Make an exact copy, from the records below, of the lines from the line containing "Source : cliché" to the line containing "Culebra de agua", both lines included, excluding pictures.

+--

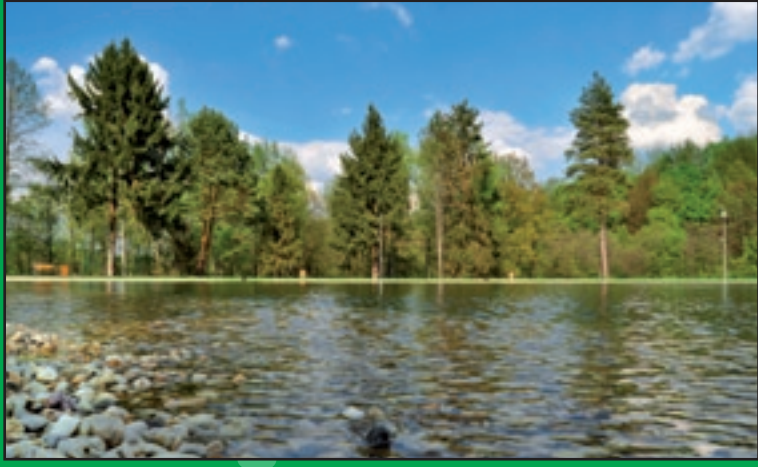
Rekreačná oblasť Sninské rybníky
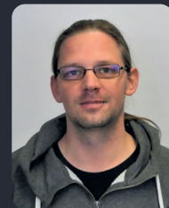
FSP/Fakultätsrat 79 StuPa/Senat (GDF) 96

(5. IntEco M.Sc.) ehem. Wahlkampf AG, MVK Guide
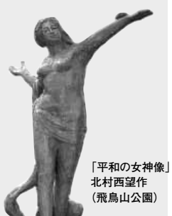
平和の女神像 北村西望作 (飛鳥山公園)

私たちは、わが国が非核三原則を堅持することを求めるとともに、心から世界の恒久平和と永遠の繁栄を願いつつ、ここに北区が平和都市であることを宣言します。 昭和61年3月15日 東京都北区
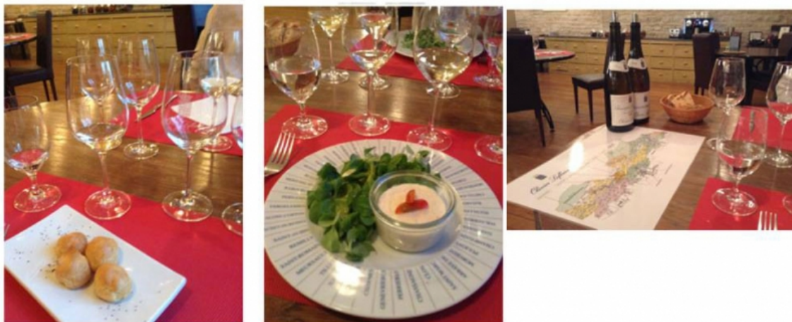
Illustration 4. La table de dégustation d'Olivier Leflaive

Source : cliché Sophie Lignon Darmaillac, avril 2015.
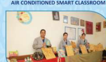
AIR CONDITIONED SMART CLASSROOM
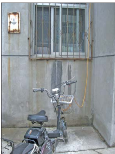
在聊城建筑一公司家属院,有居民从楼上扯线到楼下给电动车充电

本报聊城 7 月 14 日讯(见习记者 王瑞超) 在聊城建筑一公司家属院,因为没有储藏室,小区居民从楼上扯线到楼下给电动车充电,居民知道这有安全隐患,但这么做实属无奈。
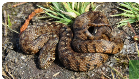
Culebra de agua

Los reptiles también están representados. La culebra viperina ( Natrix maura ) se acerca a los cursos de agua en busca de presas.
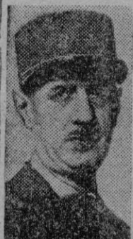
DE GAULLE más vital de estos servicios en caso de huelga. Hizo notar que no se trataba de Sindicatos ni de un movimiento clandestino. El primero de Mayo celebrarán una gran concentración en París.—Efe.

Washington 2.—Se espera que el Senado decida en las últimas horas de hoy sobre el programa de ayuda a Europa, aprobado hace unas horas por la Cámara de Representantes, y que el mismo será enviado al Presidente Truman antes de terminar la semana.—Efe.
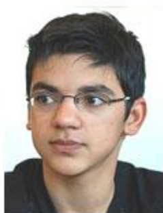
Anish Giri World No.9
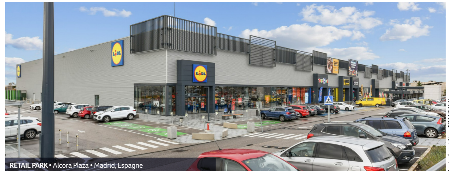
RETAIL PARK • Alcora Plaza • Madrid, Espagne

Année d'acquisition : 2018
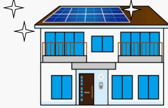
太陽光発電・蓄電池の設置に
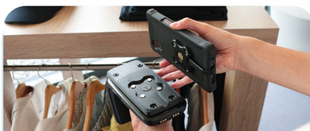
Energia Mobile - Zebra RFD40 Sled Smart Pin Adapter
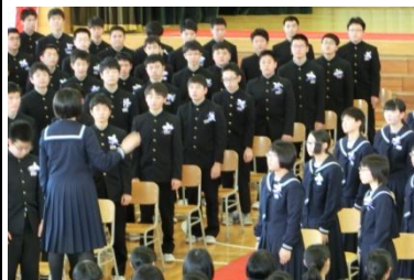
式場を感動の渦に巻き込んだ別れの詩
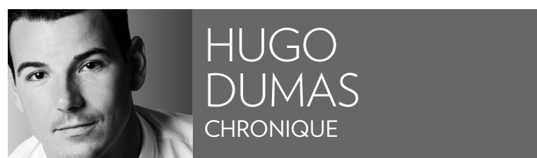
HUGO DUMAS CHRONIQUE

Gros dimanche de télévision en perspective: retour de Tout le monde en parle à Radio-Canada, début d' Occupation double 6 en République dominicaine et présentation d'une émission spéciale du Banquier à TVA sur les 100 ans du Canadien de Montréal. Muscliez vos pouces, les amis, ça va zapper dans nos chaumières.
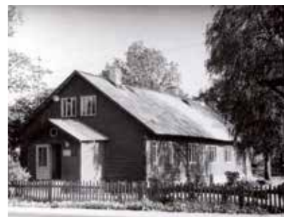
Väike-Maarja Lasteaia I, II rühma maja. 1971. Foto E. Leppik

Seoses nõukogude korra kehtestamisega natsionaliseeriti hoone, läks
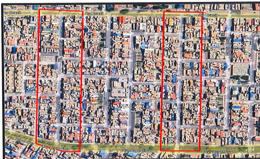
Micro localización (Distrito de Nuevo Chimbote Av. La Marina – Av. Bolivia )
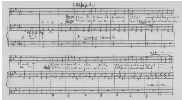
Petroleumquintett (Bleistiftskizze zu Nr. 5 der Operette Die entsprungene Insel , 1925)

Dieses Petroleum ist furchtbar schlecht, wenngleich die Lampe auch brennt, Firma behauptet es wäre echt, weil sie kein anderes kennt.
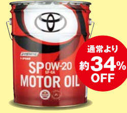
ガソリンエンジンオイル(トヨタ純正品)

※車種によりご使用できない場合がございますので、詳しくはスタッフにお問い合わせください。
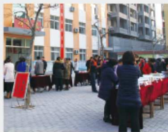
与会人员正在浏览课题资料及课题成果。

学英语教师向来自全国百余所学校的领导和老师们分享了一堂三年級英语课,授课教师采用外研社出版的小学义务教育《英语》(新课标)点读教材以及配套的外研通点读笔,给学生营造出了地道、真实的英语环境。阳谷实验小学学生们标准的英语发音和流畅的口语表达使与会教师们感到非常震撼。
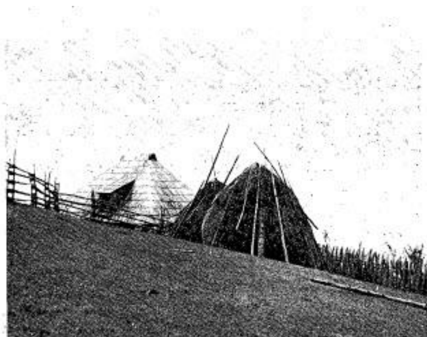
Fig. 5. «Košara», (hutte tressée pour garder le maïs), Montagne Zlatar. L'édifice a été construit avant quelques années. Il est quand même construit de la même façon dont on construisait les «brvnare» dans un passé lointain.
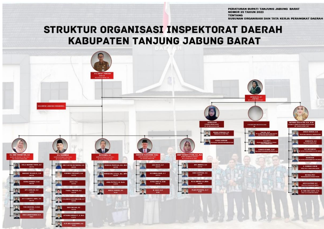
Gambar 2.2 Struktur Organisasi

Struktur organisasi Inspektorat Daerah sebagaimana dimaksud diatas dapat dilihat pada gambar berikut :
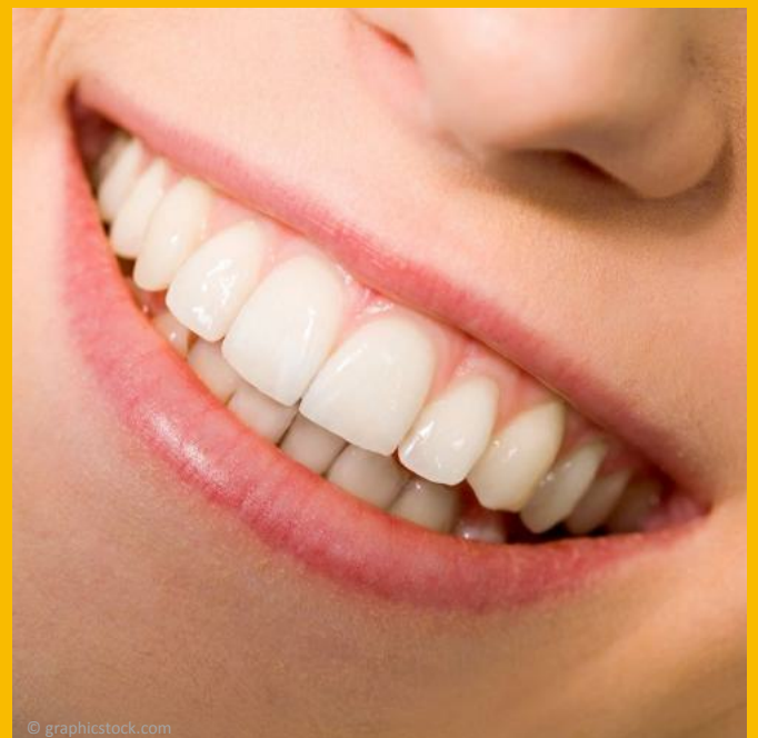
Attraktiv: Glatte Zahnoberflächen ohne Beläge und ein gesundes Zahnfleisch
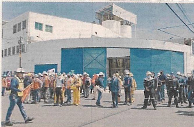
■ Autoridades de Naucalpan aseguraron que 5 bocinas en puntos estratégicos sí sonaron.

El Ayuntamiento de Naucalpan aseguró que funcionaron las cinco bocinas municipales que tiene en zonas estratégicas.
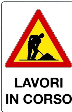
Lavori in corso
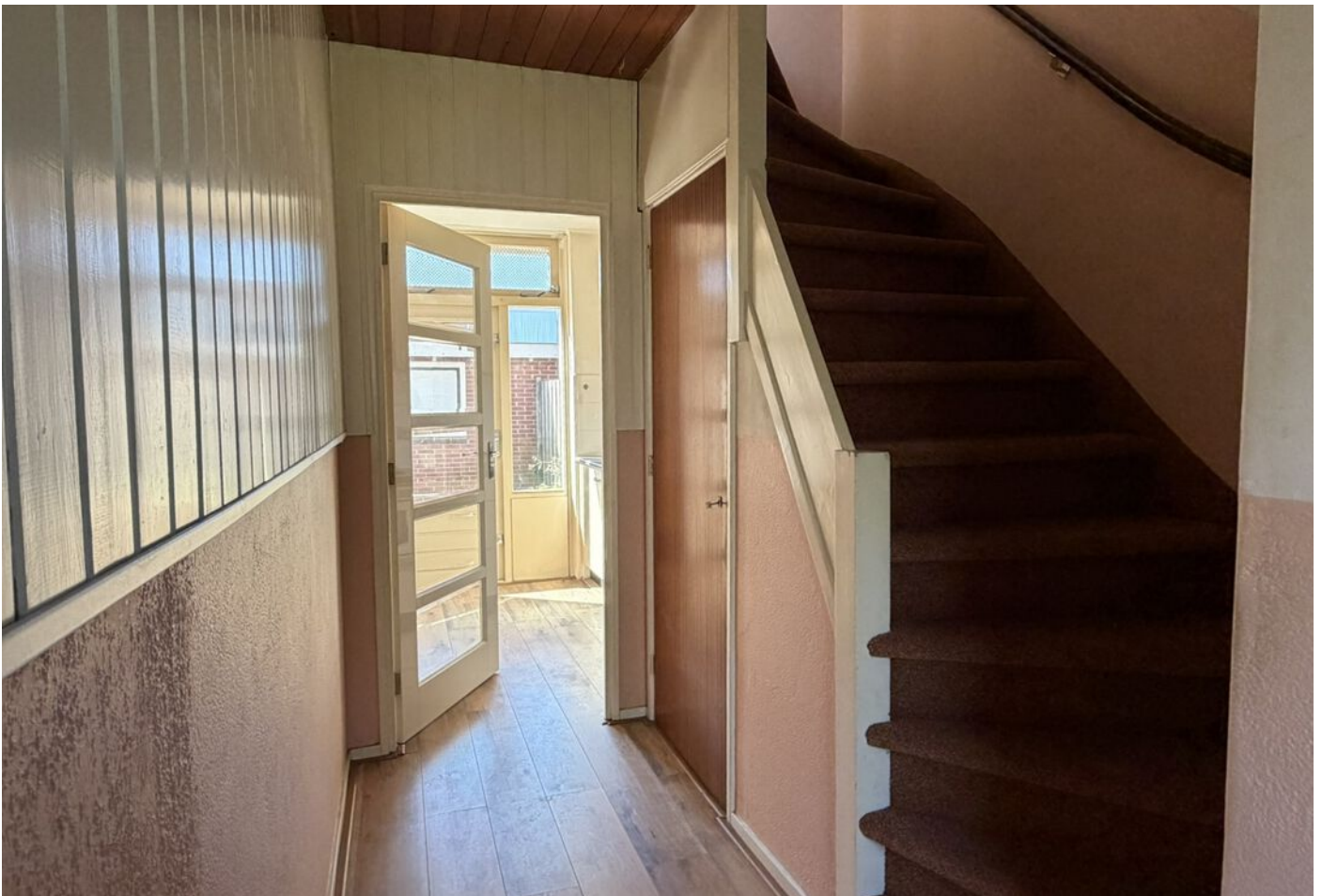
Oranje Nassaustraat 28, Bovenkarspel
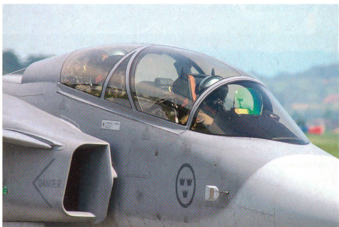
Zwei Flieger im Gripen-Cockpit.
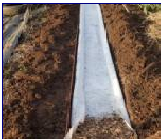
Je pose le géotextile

+--

Exercise output:
Source : cliché Sophie Lignon Darmaillac, avril 2015.
AIR CONDITIONED SMART CLASSROOM
在聊城建筑一公司家属院,有居民从楼上扯线到楼下给电动车充电

本报聊城 7 月 14 日讯(见习记者 王瑞超) 在聊城建筑一公司家属院,因为没有储藏室,小区居民从楼上扯线到楼下给电动车充电,居民知道这有安全隐患,但这么做实属无奈。
Culebra de agua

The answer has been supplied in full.